Data performance challenges are a universal part of application development. No technology, platform, or development methodology can allow us to escape completely from them. As data gets larger, the ways to inadvertently abuse it become more numerous.
Solving these problems is often seen as a reactive task. An application performs slowly, someone complains, and a developer or administrator needs to research, find the source of the latency, and fix it (somehow). Often, though, the solution is one that could have been implemented proactively as part of the original release of the offending code.
These alternatives can be seen as choices we make in application development every day:
1. Do it right the first time.
2. Do it quickly the first time.
This challenge can be sarcastically addressed like this:
While silly, these do represent real organizational challenges, decisions, and decision-making processes that are not silly.
I can think of a seemingly endless list of mistakes made over the years that were the direct result of speed over precision. While not all errors can be avoided in life, there is value in preventing as many as is reasonably possible up-front. This also has the bonus of improving our sleep schedules at those times when bad things happen.
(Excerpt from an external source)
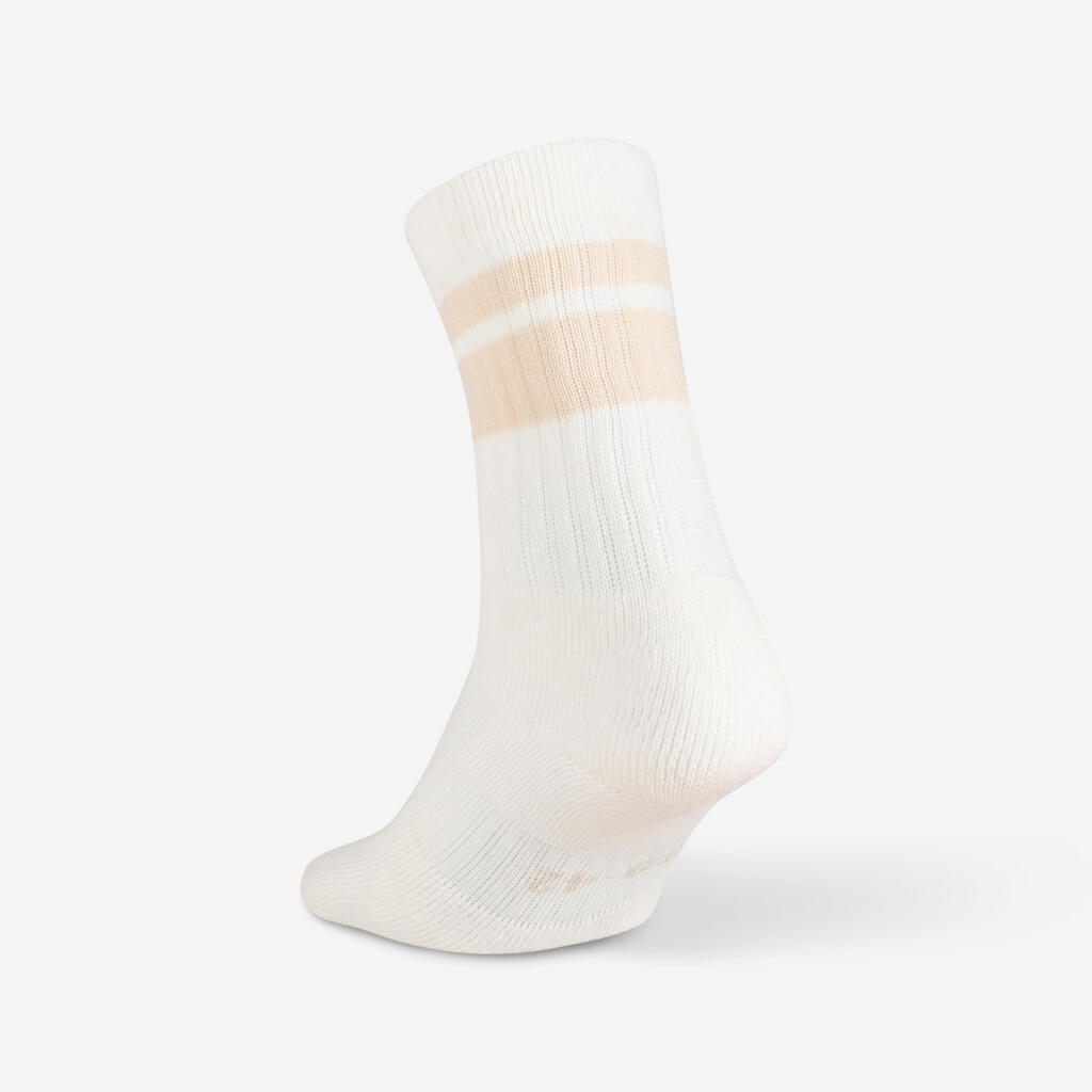 Chaussette de sport avec de la bouclette sur tout le pied pour plus de confort et d'absorption de la sueur. Zone d'aération dessus. Serrage au milieu du pied pour un bon maintien.

Therefore, striking a comfortable balance between design and architecture and technical debt is a valuable skill in software development.
Here are some examples and how they impacted real projects, software, and people. The names and details are different, the but the mistakes illustrated have been made many times by many people.
Data Retention, Who Needs It?
Creating a new table is a common task. What is not common enough, though, are the questions we should ask ourselves when creating a new data structure.
Imagine a log table that will accept application log data on a regular basis. The table is created as an afterthought with no additional considerations as to how it will be used in the future:
CREATE TABLE dbo.application_log (log_id INT NOT NULL IDENTITY(1,1), log_time DATETIME2(3) NOT NULL, log_title VARCHAR(100) NOT NULL, log_message VARCHAR(MAX) NOT NULL, is_error BIT NOT NULL, error_detail VARCHAR(MAX) NULL);
The application begins to run for the first time and everything is great! 6 months later, though, developers complain that application logging is slow. In addition, the application database has been growing unusually large, consuming an unexpected amount of storage and backup resources.
What was forgotten? Retention! When creating new data, determine a retention policy for it and ensure that computing resources can handle the associated data growth over time.
A retention period for data could be a week, a month, a year, or forever, depending on how quickly it grows and what it is used for. In the log example above, developers likely would have assigned a retention period of 1 week (or maybe a month) to the data and cleaned up any older data during a low-volume time.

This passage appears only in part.